The results of measuring the tensile strength of the wires are presented in Figure 4. The Groups a and b had low tensile strength under 720 MPa. However, Group c showed higher than commercial alloy (Group d). The tensile strength was significantly improved due to Mg addition. The Ti-6Al-4V alloy as a biomaterial and STS304 which is currently used an acupuncture material were shown over 1600 MPa. And also the electrical resistance and the tensile strength depend on cold working.
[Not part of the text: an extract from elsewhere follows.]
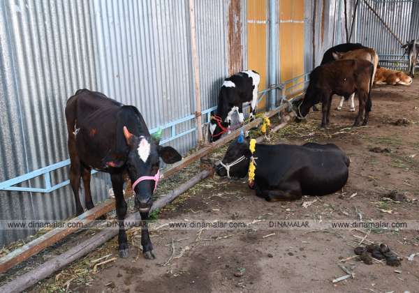 உடுமலை சோமவாரப்பட்டி ஆல் கொண்டமால் கோவில் திருவிழாவையொட்டி பக்தர்கள் தானமாக வழங்கிய கன்றுகள்.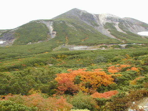 乗鞍岳剣が峰。赤は、ナナカマド。黄色はダケカンバ。緑ははいまつ。

Potentiodynamic polarization was conducted in saline solution to assess anti-corrosion. As a result, the corrosion potential was shown to be −0.289 V in the Ag65-Cu30-Zn5, which was lower than that of Groups b and c developed in this study (−0.248 V and −0.24 V). Meanwhile, the corrosion potential was the highest, but the corrosion current density was low in Group c, the Mg added Ag-Cu alloy. The corrosion potential of Group d was similar with the Ag-Cu alloys. STS304 had the corrosion potential, which was similar to that of Ag alloys and Cu alloys, but Ti-6Al-4V had the lowest corrosion potential. Compared to the other groups, however, STS304 and Ti-6Al-4V had lower corrosion current density and higher anti-corrosion by rapidly forming the passive film.

The results of measuring electrical resistance are presented in Figure 6. The resistance was measured when 10 mA current was applied to the both ends of the 300 mm length wire. The resistance was shown the highest in Group e. The resistance of Group c, the Mg added Ag-Cu alloy, was significantly lower than that of Group a, the Zn added Ag-Cu alloy. Groups b and d, the Cu alloys, also had low resistance. Based on the principle that resistance is adversely proportional to thermal conductivity or electrical conductivity, the electrical conductivity was calculated and then converted into the thermal conductivity using Wiedemann-Franz-Lorenz law that electrical conductivity is proportional to thermal conductivity (Figure 7). The thermal conductivity was shown to be 499.1 W/mK in the Ag68-Cu30-Mg2 alloy, which was 51-fold higher than that of STS304 and 7-fold higher than that of the Ag65-Cu30-Zn5 alloy.

In this study, staining and MTT test were conducted using MC3T3-E1 from rat osteoblast cells. The 100 mm wires were deposited in the cell medium for 72 hours, and then the eluted solution put to the cells. After 2-day culture, the morphology and survival of the live cells were assessed.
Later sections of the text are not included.